My first AA meeting was, in many ways, a disappointment. There was a strictly “low-bottom” panel that night, that is to say, the speakers were not Harvard and Wellesley graduates–“bottom,” in AA parlance, means the lowest state of alcoholic squalor a person will accept. Their drinking had carried them so much farther along Hobo Highway than mine that we seemed to have little in common. It left me with a conviction, though, that these people had the answer. The Twelve Steps of AA won me immediately–admit our frailty, seek God’s guidance, repent our misdeeds, make amends, take a moral inventory, help others. Here was religion actually lived. Many are successful in AA without believing in God. To me, the highest power has always been the same God I used to know in church. Here I also learned, “once an alcoholic, always an alcoholic,” which explains why, even after five sober years, I say that I am, present tense, an alcoholic. We stay sober one day at a time, never forgetting that we are alcoholics and therefore cannot take the first drink.

After a month of daily increasing happiness I was struck with an overwhelming sense of gratitude. I was grateful to that lonely handful of men who formulated the AA principles of recovery and set them down; grateful to the thousands of alcoholics who, in the face of every conceivable difficulty and temptation, had picked up these tenets and doggedly clung to them, fighting to hang on to their sobriety so it could be passed on to me.

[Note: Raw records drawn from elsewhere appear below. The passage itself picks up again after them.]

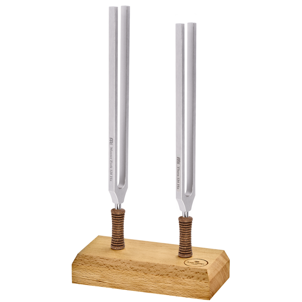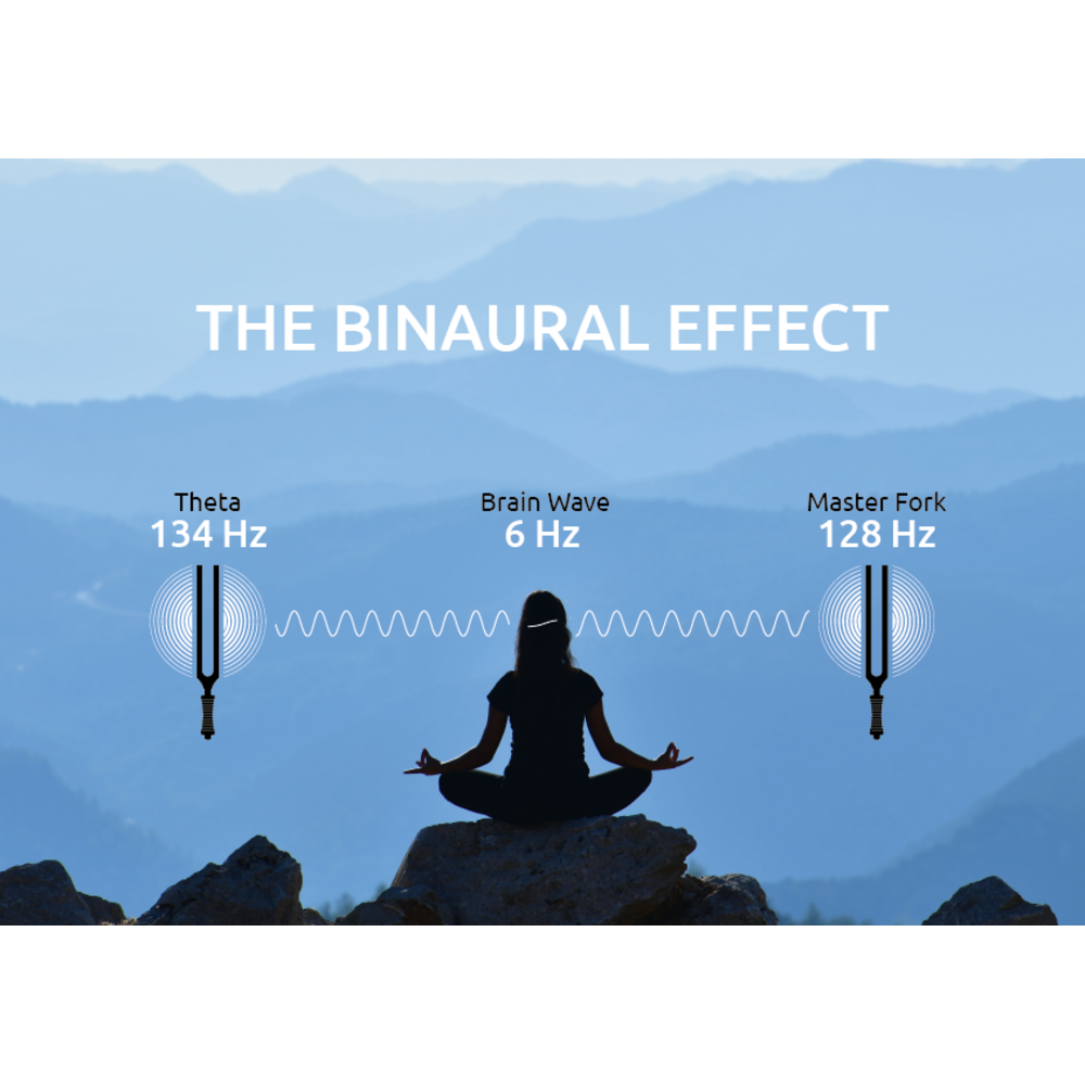 To create the binaural effect, activate the Binaural Therapy Tuning Fork and the Master Fork 128 Hz and hold them to the right and left ear. The brain will recognize the difference between the two frequencies, perceiving a third frequency that guides you into the desired brain wave state.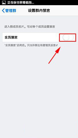 2)在“管理群”中点击一下“设置群内禁言”,然后在“全员禁言”中点击一下,就可以设置成功了!(如下图所示)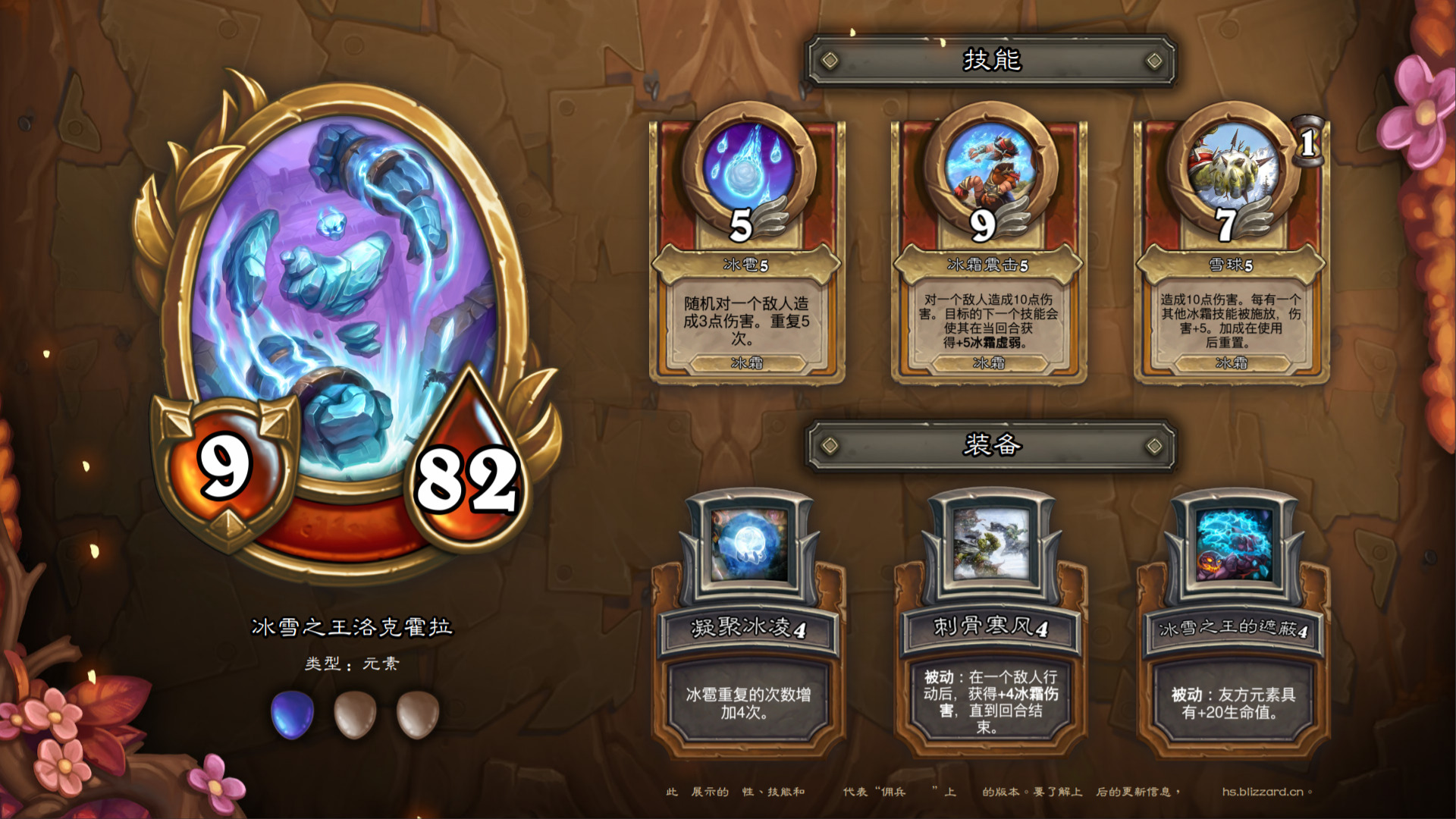 - 次级水元素4:战吼:召唤一个10/15的可以冻结攻击目标的水元素。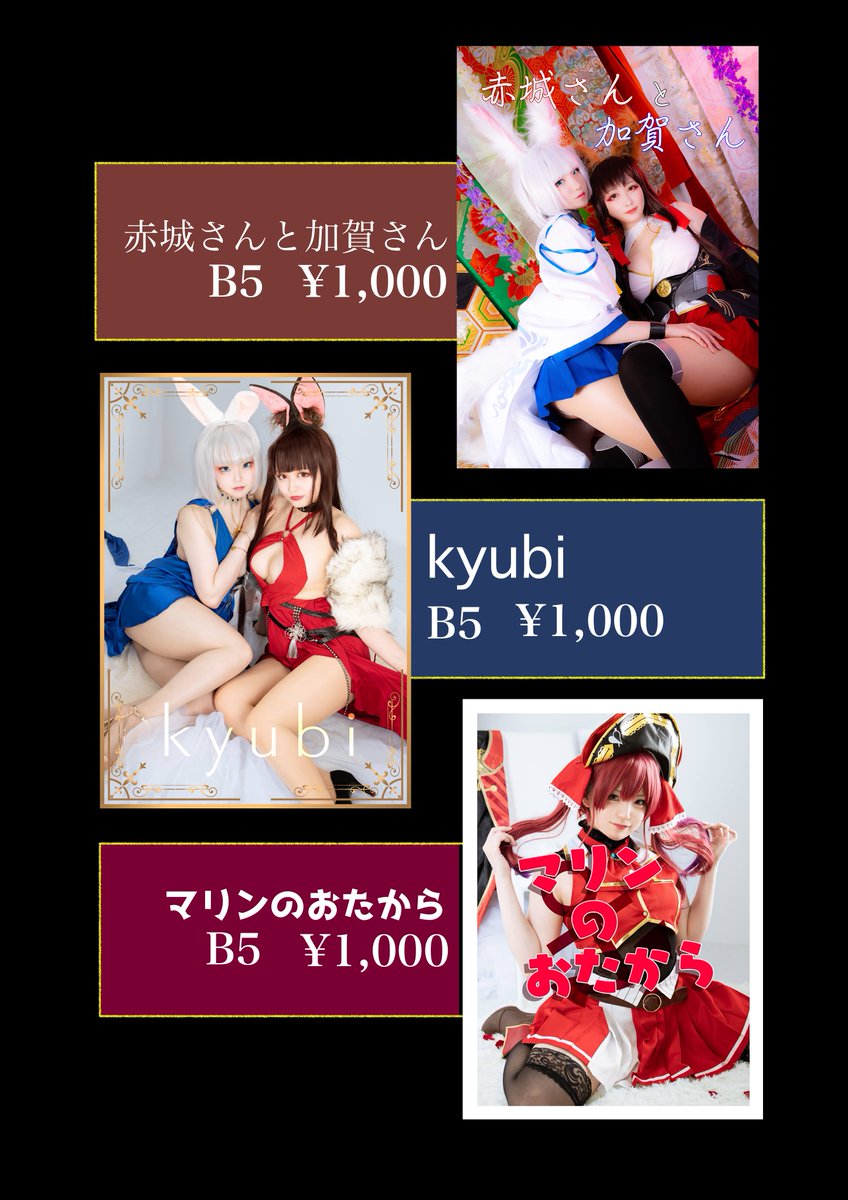 ということでこちら!【宣伝】 夏コミでコスプレ写真集新刊でます! ☆アズレン赤城加賀☆ドレス版☆宝鐘マリン☆の3種になります! 以前リプしてもらった事前の取り置き分と、現地分の後、残ったら通販(ブース?)します! 応援よろしくお願いします🥺🤲❤️ twitter.com/i/web/status/1…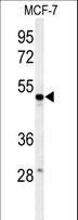 - Western blot of PSG7 Antibody in MCF-7 cell line lysates (35 ug/lane). PSG7 (arrow) was detected using the purified antibody.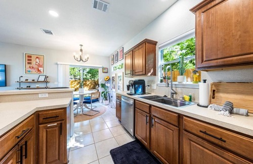 Step into this charming East Austin home, where convenience meets personality. Ideal for families, friends, remote workers, and more – this space welcomes a variety of guests and stays, whether short or long-term. Escape to a place that feels like the perfect vacation getaway, but offers all the cozy comforts of home. Enjoy local coffee shops, restaurants, hiking, and golf just minutes away! Sip morning coffee on the patio, entertain the kids (and dog) in the fenced yard, and whip up meals in the cheerful, fully-equipped kitchen. As you notice the lush houseplants throughout the house, it will be hard not to feel at ease. From quirky art to vintage treasures sourced locally and abroad, this home tells a story of native Austinites with a global spirit. Funky voice-activated lighting adds a modern touch, creating a space that's both playful and personal. Remote workers will love the dedicated workspace, complete with monitors and a printer. Evenings invite backyard BBQs under the café lights, a cozy movie night, or for those feeling adventurous, exploring the hip restaurants and bars East Austin has to offer – all within easy reach! Explore the neighborhood's vibrant nightlife nearby, or stay nestled away in this quiet space to unwind with amenities that cater to a wide array of personalities! It may just be your home base for exploring Austin's best. Ready to make those memories?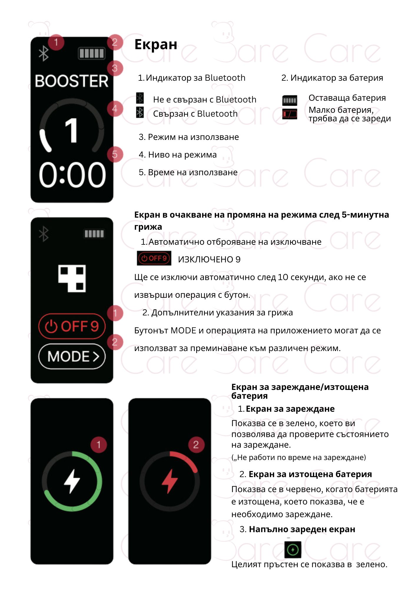Режимът Booster помага за усвояването на активните съставки и по-дълбокото им проникване в различните слоеве на кожата, като същевременно повишава блясъка. Използва електропорация, наричана още безиглена мезотерапия , която създава временни фини отвори за максимално усвояване на активните съставки.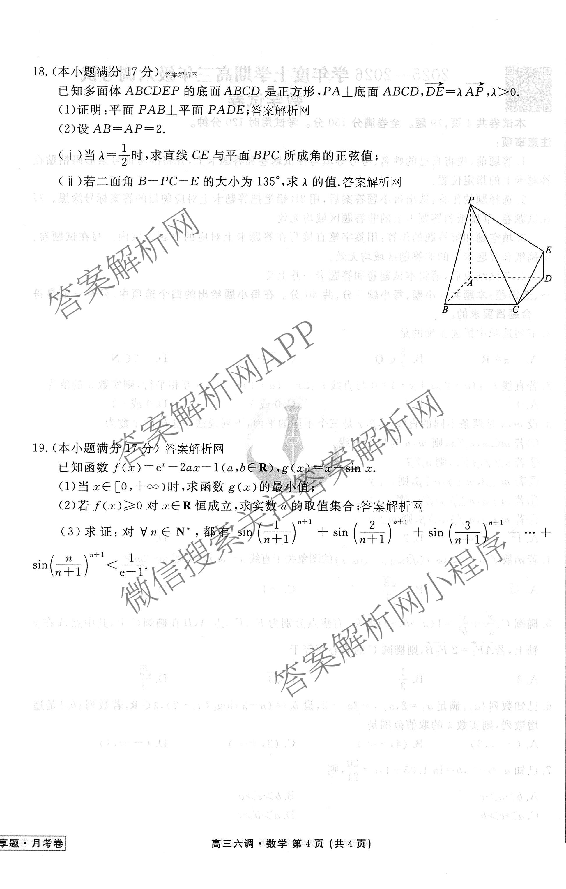 2025~2026(高三)(衡水金卷先享题)·月考卷·学年度上学期年级六调考试数学试题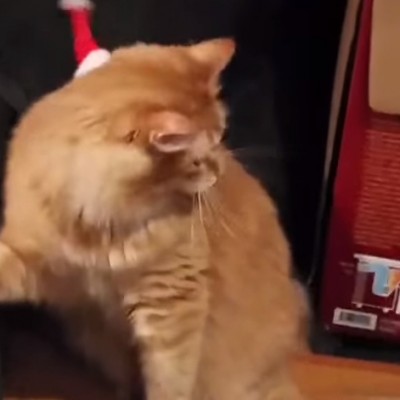 Слатко маче е целосно збунето од новогодишната капа која ја носи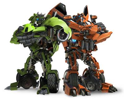 這對在《變形金剛2》中出現(xiàn)的“Twins”,實際上是“剎車”(Skids)和“擋泥板”(Mudflap)組成的二人組。剎車和檔泥板變形之后分別是雪佛蘭的Beat車和Trax概念車,兩個家伙抱在一起還能變成一個大機器人。為了組合起來比較協(xié)調(diào),他們的膀子都跟得了腦血栓一樣:不一樣長。剎車的右膀子更發(fā)達(dá),檔泥板的左膀子更強勁。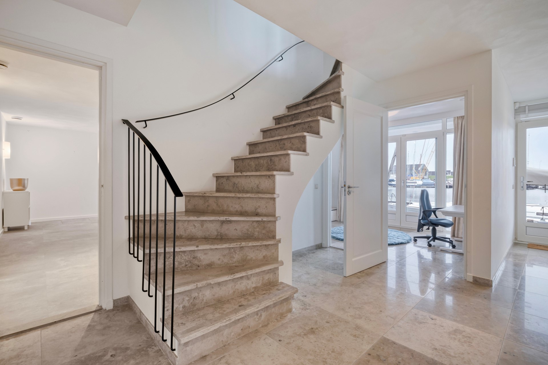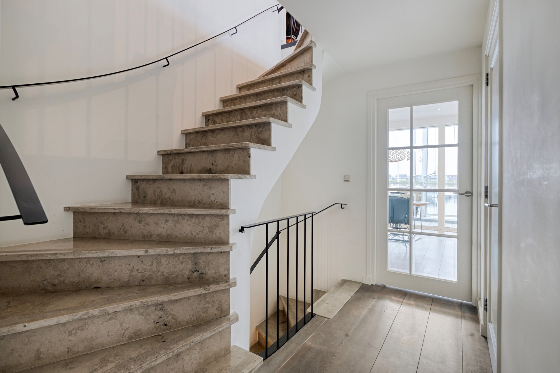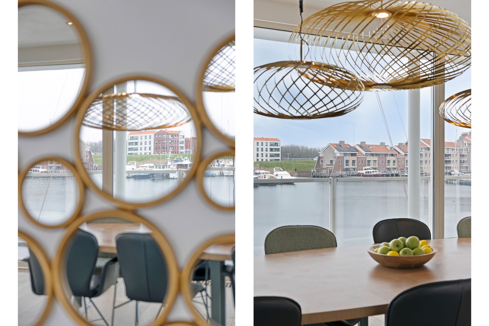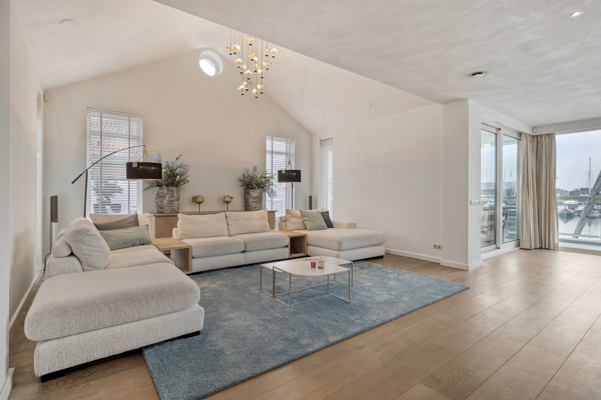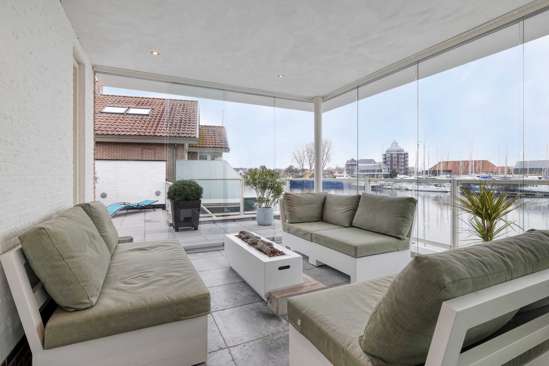 De eetkamer is afgewerkt met een houten vloer, gestucte wanden en een gestuct plafond. Dankzij de grote raampartijen geniet u hier van een prachtig uitzicht over de glinsterende haven en voorbijvarende bootjes. Middels de schuifpui loopt u zo door naar de lichte, zonnige serre, waardoor binnen en buiten naadloos in elkaar overlopen. De eetkamer nodigt uit tot gezellige diners en onvergetelijke momenten met familie en vrienden.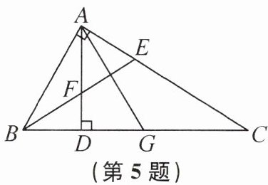 5. 如图,在△ABC 中,∠BAC= 90°,AD⊥BC,∠ABC 的平分线 BE 交 AD 于点 F,AG 平分∠DAC.现有下列结论:①∠BAD= ∠C;②∠AEF= ∠AFE;③∠EBC= ∠C;④AG⊥EF.其中正确的结论有______(填序号).

I felt I must do something in return.

When I learned about the AA ward at ‘Knickerbocker I knew what that something would have to be. I was a trained nurse. During all the years I had frittered away, that training had seemed meaningless. Now it made sense–I was meant to work in that ward. I bombarded the supervising nurse with telephone calls by day, and prayers to God at night, and three months later I got the job.

These five years have brought deep satisfactions. I can’t convey how much it means to me to see the transformations in people. They come to us physical, mental and moral wrecks. They leave encouraged but still uncertain. Then, months later, they come back–bright-eyed, rosy-cheeked, eager to help; job back, family back, going concerns again, ready to pass on, with dividends, what’s been given to them.

To know that I had some small part in this rebirth is a blessing far beyond what I deserve. The failures, the lost ones? Well, they’re sad, of course. However, we must accentuate the positive. But for the grace of God, all of us might have been lost.